Celebrity chef Rachael Ray said they are — and the floodgates of Middle Eastern conflict opened: Palestinians claimed the foods as their own and are accusing her of cultural erasure. Israelis thanked her and are accusing her critics of ignoring Jewish Israelis of Middle Eastern descent.
Ray (who isn’t Jewish) sparked the debate last week — likely without meaning to — with a series of tweets about an “Israeli nite” meal. The foods she tweeted about included hummus, tabouli, stuffed grape leaves, chicken fried in za’atar and cucumber salad.
The posts spurred a cascade of more than 1,600 replies, most of them critical.
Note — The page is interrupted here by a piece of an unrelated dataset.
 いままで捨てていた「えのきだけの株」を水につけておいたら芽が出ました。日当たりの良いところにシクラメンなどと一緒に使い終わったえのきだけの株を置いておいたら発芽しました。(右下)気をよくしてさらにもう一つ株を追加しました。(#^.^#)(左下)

Twitter users noted that the foods’ names are all Arabic and pounced on her for labeling them Israeli, rather than Arab or Palestinian.
The criticism started out as jokey and satirical, with people labeling photos of hamburgers, tacos and pizza as “Israeli:”
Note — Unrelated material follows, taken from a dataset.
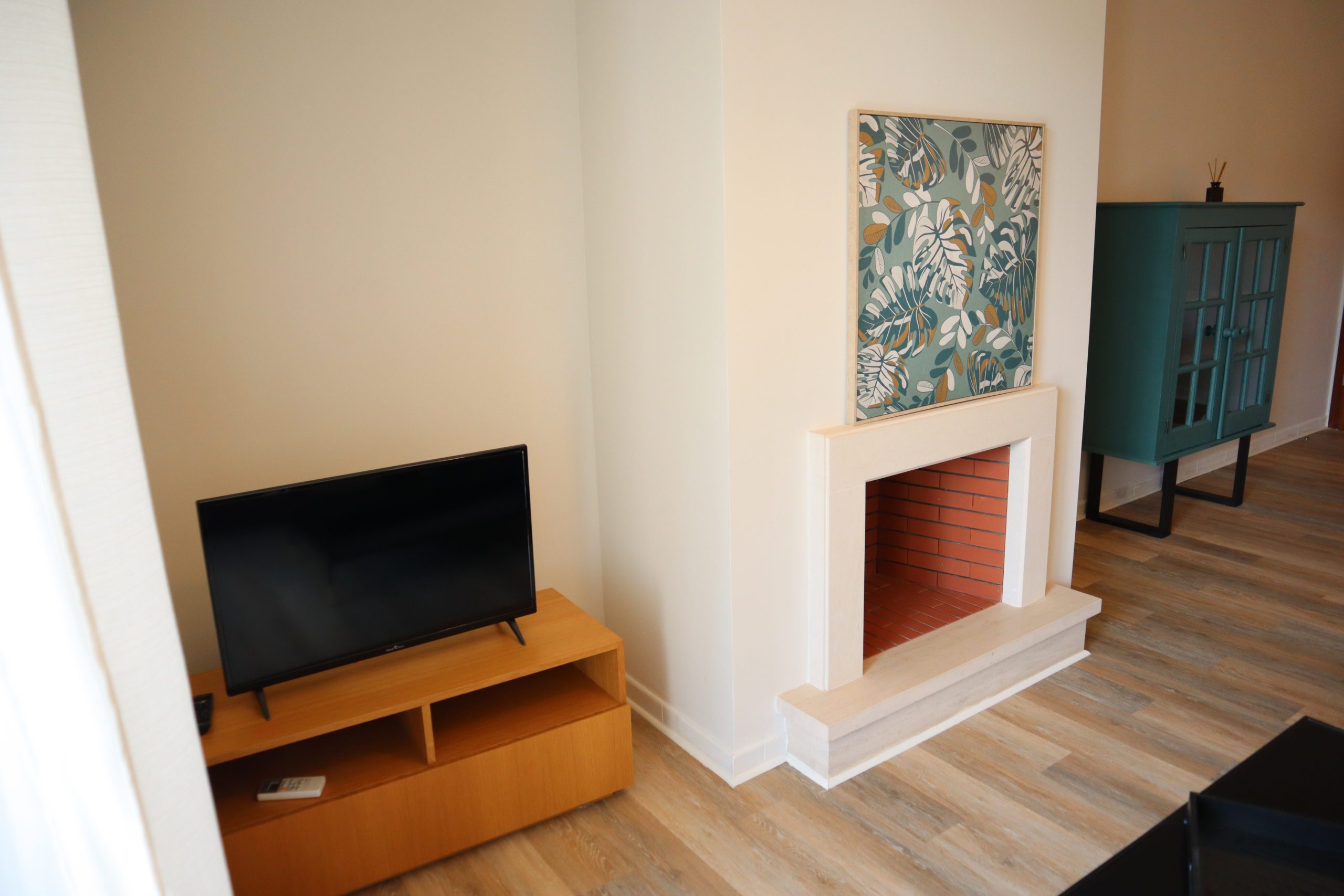 Sala de Estar: A sala de estar, espaçosa e luminosa, é o local ideal para relaxar, equipada com mobiliário confortável e uma televisão de ecrã plano para os seus momentos de descanso. As grandes portas de vidro dão acesso a uma varanda privada onde pode saborear o seu café da manhã ou um jantar ao ar livre.

https://twitter.com/AliTheAnsari/status/945378182093594625
But the conversation took a darker and more serious turn, as some accused Israel of stealing Palestinian culture and land:
https://twitter.com/DingoVX/status/945373347340259328
Soon enough, the conversation became another bitter, repetitive debate between pro-Palestinian and pro-Israel activists. One side tweeted a series of four maps meant to illustrate “Palestinian loss of land.” The other responded with tweets of the Balfour Declaration, which endorsed Israel’s establishment in 1917, and graphics meant to convey that Palestinians don’t have their own nation. Some anti-Semitic and anti-Arab cartoons were mixed in along the way.
Other Twitter users came to Ray’s defense by pointing out that these foods are cooked across the Middle East — including by Jews who were expelled from Arab countries and fled to Israel. (In addition, about 20 percent of Israel’s citizens are Arabic.)
https://twitter.com/KayOrder/status/945683625558921216
This debate isn’t new. Israeli food, like all aspects of Israeli identity, is multifaceted, sometimes contradictory and often controversial. Israelis hail from a range of countries across continents and have meshed their traditions in a messy and intricate amalgam.
But whether due to location, demographics or taste, Middle Eastern cuisine — think hummus, falafel and shawarma — has come to dominate the Israeli food scene. Israeli Jews often don’t deny that these foods are Arab or Palestinian in origin. One of the most popular types of hummus in Israel is called “hummus Abu Ghosh,” named for an Arab town west of Jerusalem. The image of being able to “eat hummus in Damascus,” the capital of Syria, is sometimes used as a metaphor for Israel’s goal of peace with its neighbors.
Palestinians, however, see Israeli claims to these foods as just one more form of oppression. Yousef Munayyer, who directs the U.S. Campaign for Palestinian Rights, wrote in a tweet thread that Ray’s tweets contribute to a culture in which “Palestinians, as a people, are often told they do not exist.”
Ray hasn’t yet responded to the uproar. She did, however, move on to tweeting about a Greek feast later that night. To that, we can all say: opa!